- _THE DATA_:

---

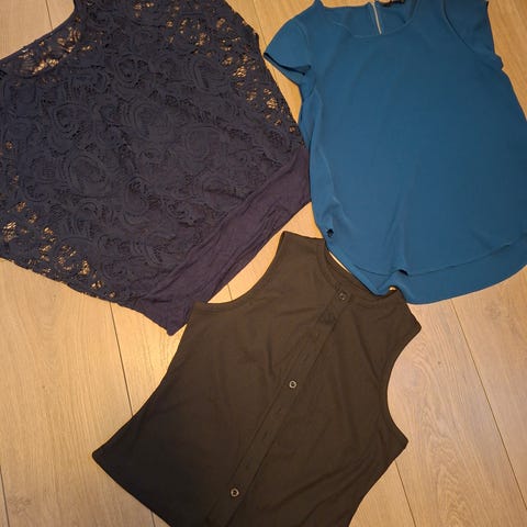 Topp med mønster/blonder. Str 40/42.
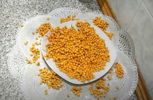 Зніміть ягідки з гілок, переберіть, відсортуйте зіпсовані. М'яті і переспілі використовувати в заготівлі можна. Гарненько помийте, підсушувати плоди не обов'язково. Зважте обліпиху, щоб знати, скільки брати солодощі.
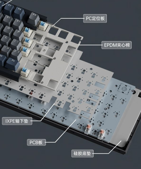 LT104夏初整体结构采用三明治结构,能够很好的抑制底部震动。快速打字时候可以有效减少震动,让整个键盘非常稳,同时还能减少噪音。
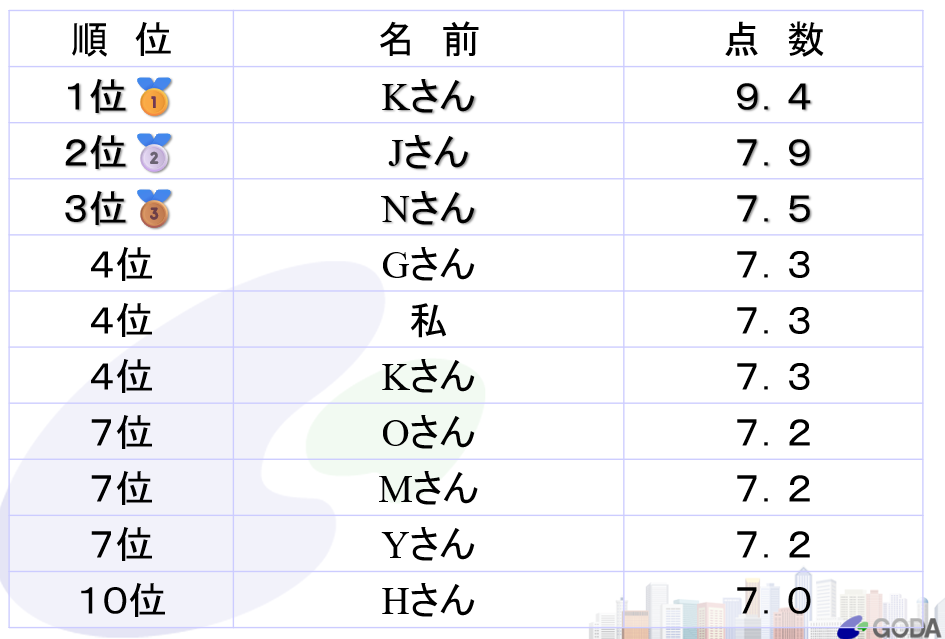 私個人の結果は・・・・・
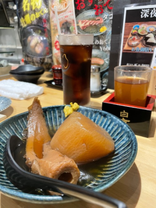 毎度お馴染みの冷たい出汁割り飲みつつ、お出汁しみしみのおでん食べれて幸せです😌💭🎀
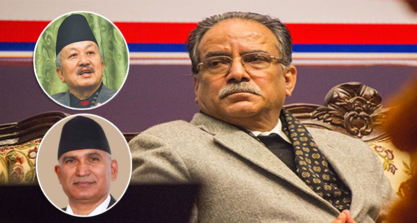 काठमाडौं ५ मंसिर । नेपाल कम्युनिष्ट पार्टी नेकपा अध्यक्ष पुष्पकमल दाहाल ‘प्रचण्ड’, महासचिव विष्णु पौडेल र नेता सुवास नेम्वाङबीच शुक्रबार छलफल भएको छ । पार्टी मुख्यालय धुम्बाराहीमा शुक्रबार दिउँसो भएको भेटमा पार्टीभित्र देखिएको विवादबारे छलफल भएको जनाईएको छ ।
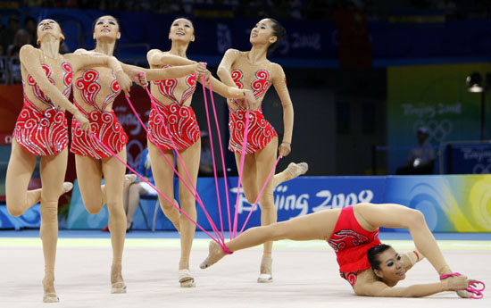 中國藝術(shù)體操新的歷史24日在北京工業(yè)大學(xué)體育館書寫。中國姑娘們在奧運會藝術(shù)體操比賽中,以35.225分歷史性地奪得集體全能銀牌,這也是中國藝術(shù)體操的首枚奧運會獎牌。 實力超群的俄羅斯隊以35.550分奪得金牌,再次包攬奧運會藝術(shù)體操兩金。白俄羅斯隊以34.900分奪得銅牌。 北京奧運會藝術(shù)體操項目設(shè)個人全能和集體全能兩枚金牌。此前,中國藝術(shù)體操的歷史最好成績是亞特蘭大奧運會的第五名。24日的決賽中,中國藝術(shù)體操姑娘們在家門口大放異彩。她們動作編排精美,整體配合默契,在首輪5繩比賽中,就奪得第三名,超過主要競爭對手意大利隊0.575分。 次輪3圈+2棒的比賽中,伴著京劇傳統(tǒng)音樂開場,中國姑娘們時而如飛鳥凌空展翅,時而如孔雀驚艷開屏,甜美的笑容打動了全場觀眾?胺Q完美的表現(xiàn)令中國隊得分超過白俄羅斯隊,一舉奪得集體全能銀牌。看著最終的得分大屏幕,中國藝體姑娘們高興地?fù)肀г谝黄穑蕹梢粓F(tuán)。她們創(chuàng)造了中國藝術(shù)體操新的歷史。 俄羅斯隊在決賽中再次展示了在藝術(shù)體操領(lǐng)域的“霸主”地位。兩輪的全場最高分讓她們再次包攬了北京奧運會藝術(shù)體操的兩枚金牌。這也是從悉尼奧運會開始,俄羅斯隊連續(xù)三屆奧運會實現(xiàn)個人全能和集體全能金牌的包攬。 賽后,中國隊的主力隊員章碩高興地說:“完全沒想到能拿到銀牌。我們創(chuàng)造了中國藝術(shù)體操最輝煌的一刻。為了這一刻,我們奮斗了這么久,吃了很多苦。今天,我們做到了最好。今天,所有付出都得到了回報! 對于奪得亞軍,中國隊教練白梅說:“其實,中國隊的姑娘們訓(xùn)練特別艱苦,每天的訓(xùn)練都是在超越自己。今天的成績也是她們團(tuán)結(jié)一致、一起拼搏的結(jié)果!
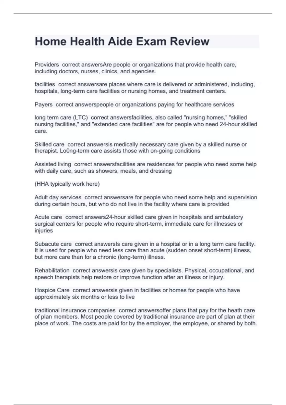 Providers correct answersAre people or organizations that provide health care, including doctors, nurses, clinics, and agencies. facilities correct answersare places where care is delivered or administered, including, hospitals, long-term care facilities or nursing homes, and treatment centers. Payers correct answerspeople or organizations paying for healthcare services long term care (LTC) correct answersfacilities, also called "nursing homes," "skilled nursing facilities," and "extended care facilities" are for people who need 24-hour skilled care. Skilled care correct answersis medically necessary care given by a skilled nurse or therapist. Lo0ng-term care assists those with on-going conditions Assisted living correct answersfacilities are residences for people who need some help with daily care, such as showers, meals, and dressing (HHA typically work here) Adult day services correct answersare for people who need some help and supervision during certain hours, but who do not live in the facility where care is provided Acute care correct answers24-hour skilled care given in hospitals and ambulatory surgical centers for people who require short-term, immediate care for illnesses or injuries Subacute care correct answersIs care given in a hospital or in a long term care facility. It is used for people who need less care than acute (sudden onset short-term) illness, but more care than for a chronic (long-term) illness. Rehabilitation correct answersis care given by specialists. Physical, occupational, and speech therapists help restore or improve function after an illness or injury. Hospice Care correct answersis given in facilities or homes for people who have approximately six months or less to live traditional insurance companies correct answersoffer plans that pay for the heath care of plan members. Most people covered by traditional insurance are part of plan at their place of work. The costs are paid for by the employer, the employee, or shared by both.
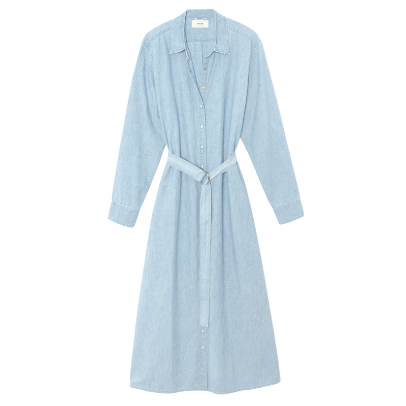 The Bowen dress epitomizes easygoing elegance. The classic shirt silhouette is crafted from 100% cotton chambray in a washed blue hue and cinches at the waist with a self-tie rope belt, defining the relaxed fit. Take it into winter with boots and a coordinating leather belt.
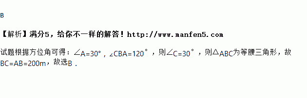 如图,杭州市郊外一景区内有一条笔直的公路a经过两个景点A,B,景区管委会又开发了风景优美的景点C,经测量景点C位于景点A的北偏东60°方向,又位于景点B的北偏东30°方向,且景点A、B相距200m,则景点B、C相距的路程为( )
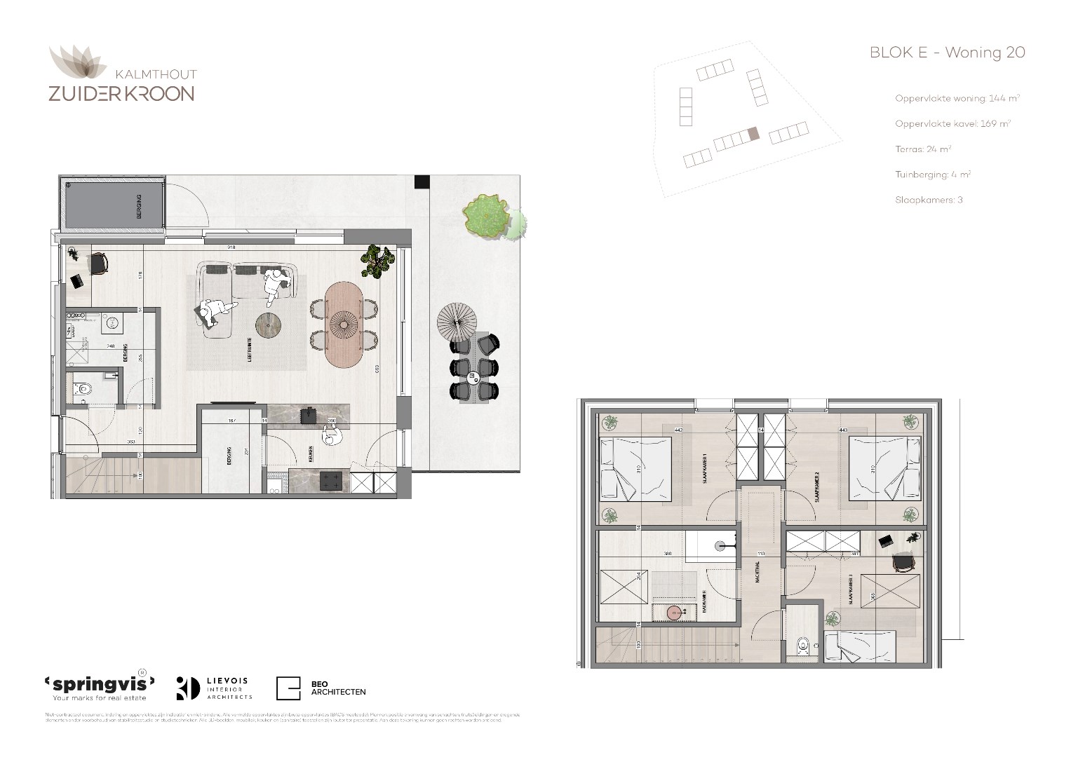 Zuiderkroon omvat 24 eengezinswoningen met elk drie slaapkamers en 1 verdieping, verdeeld over zes charmante woonpaviljoenen. BLOK E, woning 0.20; 3 slpks. Terras circa 24 m². Privatieve tuinberging. € 467.000 exl btw en registratie

---

- _WHAT IS BEING ASKED_: Without any pictures, output exactly the lines from the start of the material through the line that contains "毎度お馴染みの冷たい出汁割り", and only those.

- _TASK OUTPUT_:
 Topp med mønster/blonder. Str 40/42.
 Зніміть ягідки з гілок, переберіть, відсортуйте зіпсовані. М'яті і переспілі використовувати в заготівлі можна. Гарненько помийте, підсушувати плоди не обов'язково. Зважте обліпиху, щоб знати, скільки брати солодощі.
 LT104夏初整体结构采用三明治结构,能够很好的抑制底部震动。快速打字时候可以有效减少震动,让整个键盘非常稳,同时还能减少噪音。
 私個人の結果は・・・・・
 毎度お馴染みの冷たい出汁割り飲みつつ、お出汁しみしみのおでん食べれて幸せです😌💭🎀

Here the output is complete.